Get_html_1 967 2658 1132 1199 988 1236
Get_html_2 2323 2244 1202 1166 1081 1011
Get_html_3 978 1219 1527 1133 1192 1774

1, about URL. OpenStream () and Conn.getinputstream ().

Both return the Inputstrema object, and both get the URLConnection object through the OpenConnection () method, and then call the getInputStream () method, so Method 2 and Method 1 are the same, but the former is more convenient.

2, about the BufferedReader class.

"Functionality of this class": a character stream can be placed in a buffer (a small area in memory) for efficient reading.

"Look at the construction method":

BufferedReader (Reader in) creates an input buffer that uses the default size to buffer the character input stream.

BufferedReader (Reader in, int sz) creates a buffered character input stream that uses the specified size input buffer.

"Common methods":ReadLine () can quickly implement line reads of text characters.

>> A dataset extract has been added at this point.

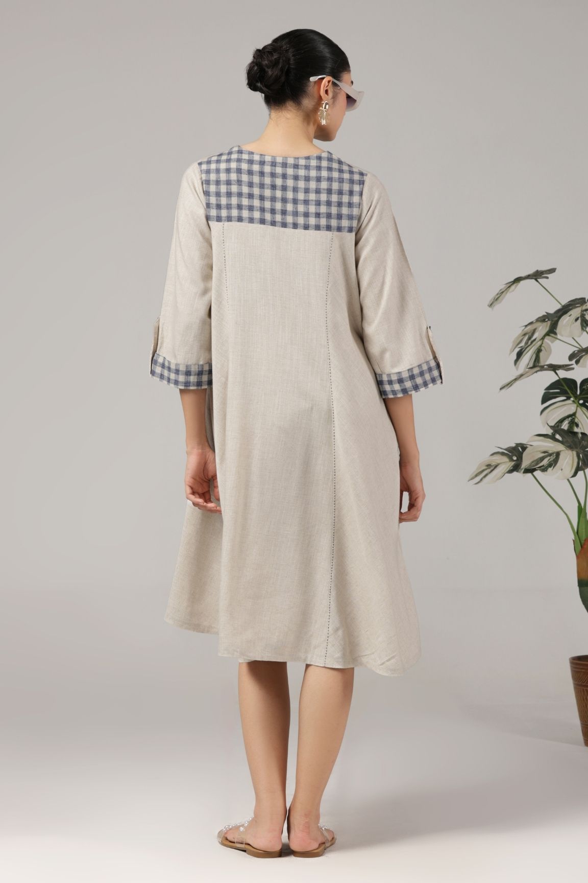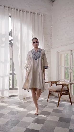 Beige and Navy High-Low Dress brings together relaxed charm and effortless elegance. Crafted in soft, breathable cotton, it features a contrast navy check yoke and sleeve cuffs for a chic touch. The flared high-low hemline and easy silhouette make it perfect for brunches, vacations, or laid-back summer days

3, about the InputStreamReader class

InputStreamReader is a bridge from a stream of bytes to a character stream: it reads into bytes and converts it to a character stream according to the specified encoding, which is a subclass of reader.

and in order to achieve more efficiency, we often use BufferedReader encapsulation InputStreamReader , so we often see the usage is

BufferedReader Buf = new BufferedReader (new InputStreamReader (system.in);

The function of the InputStreamReader class here is to convert the byte stream to a character stream, so the above statement implements the following: Converts a bytes input stream into a stream of characters and places a buffer.

Refer to a Picture:

4, about the Bytearrayoutputstream class

It is an extension class of the OutputStream class whose constructor is Bytearrayinputstream (Byte []buf), which acts as a byte array buf into the form of an input stream and through ToString () or Tobytearray () method or the desired data form. The Readinputstream method in method 3 can instead return a string type, changing the subsequent outstream.tobytearray () to the Outstream.tostring () method, which streamlines the code.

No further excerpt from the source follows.